# EXERCISE PROMPT:
The material below holds the lines to copy: from the one with "Softcute ストラップレスブラ ブラ&ショーツセット チューブトップ ずれない" up to and including the one with "A member of". Copy them exactly and skip the pictures.

# RECORDS PROVIDED:
____

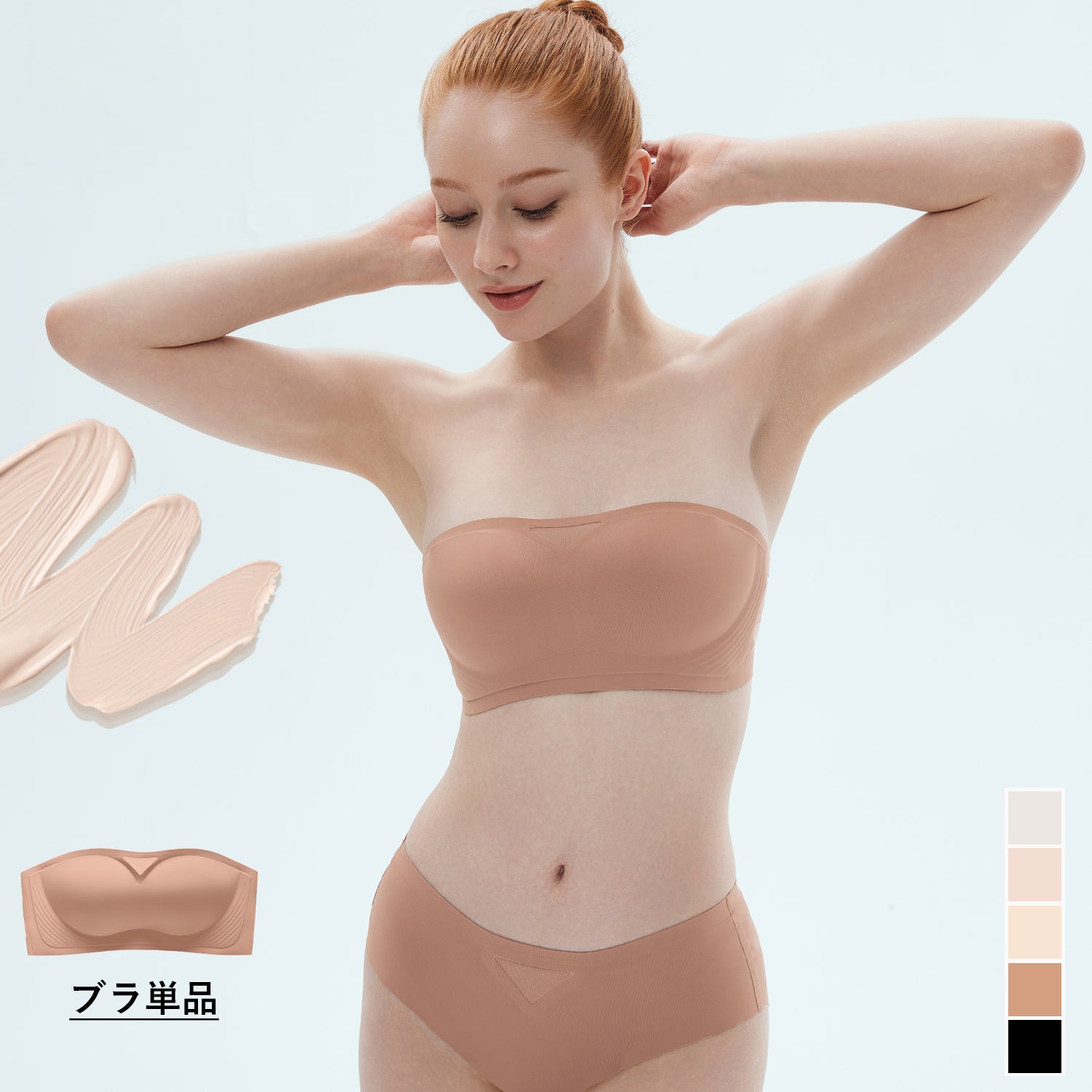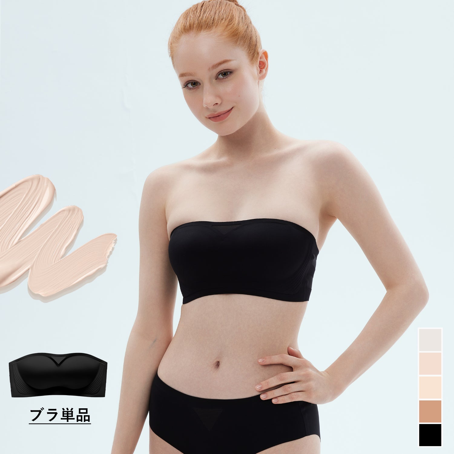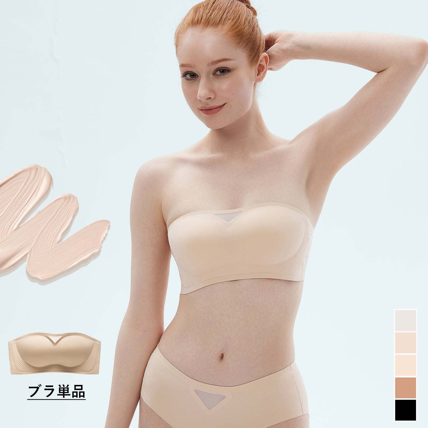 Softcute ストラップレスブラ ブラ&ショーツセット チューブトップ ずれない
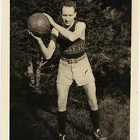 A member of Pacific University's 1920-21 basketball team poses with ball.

____

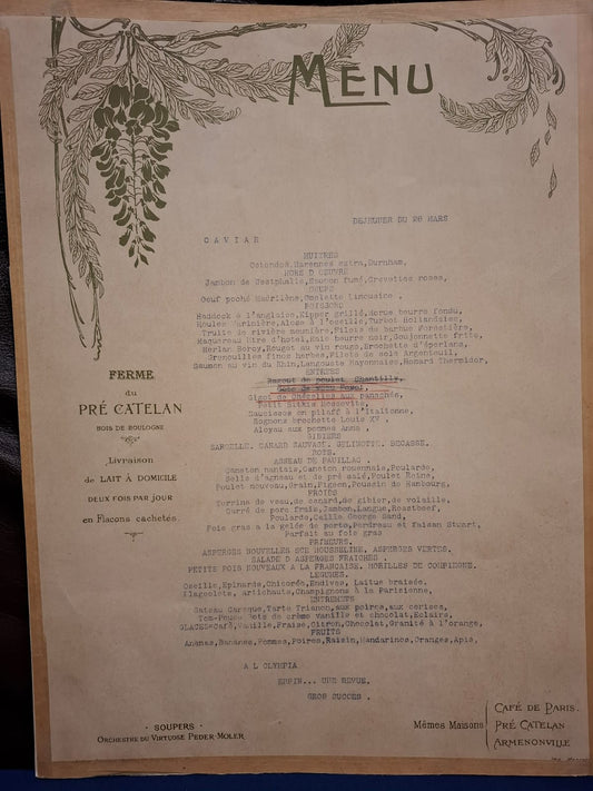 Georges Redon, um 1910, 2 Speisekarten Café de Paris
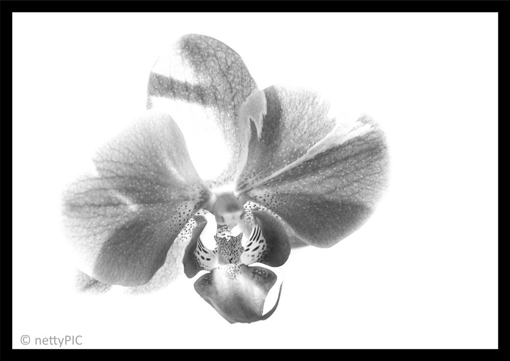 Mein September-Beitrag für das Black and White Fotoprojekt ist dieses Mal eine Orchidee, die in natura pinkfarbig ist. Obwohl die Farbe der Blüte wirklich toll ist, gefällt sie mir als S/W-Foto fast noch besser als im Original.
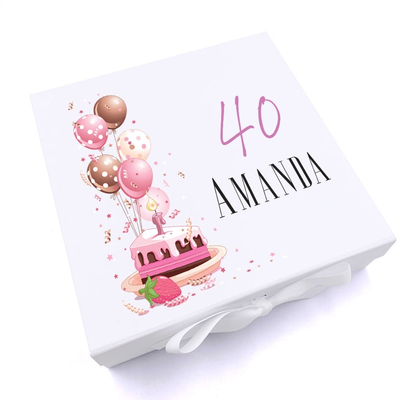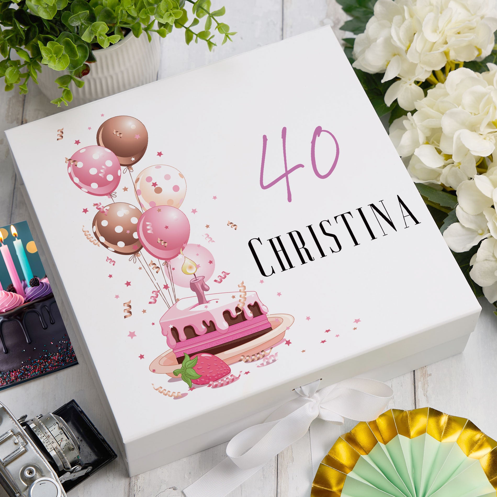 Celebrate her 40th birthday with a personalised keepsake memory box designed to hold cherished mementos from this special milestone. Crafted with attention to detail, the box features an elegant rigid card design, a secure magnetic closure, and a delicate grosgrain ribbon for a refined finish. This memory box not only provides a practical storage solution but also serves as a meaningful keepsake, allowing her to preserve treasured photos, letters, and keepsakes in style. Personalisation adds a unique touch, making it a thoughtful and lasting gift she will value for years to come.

____

# SOLUTION TO THE PROBLEM:
 Softcute ストラップレスブラ ブラ&ショーツセット チューブトップ ずれない
 A member of Pacific University's 1920-21 basketball team poses with ball.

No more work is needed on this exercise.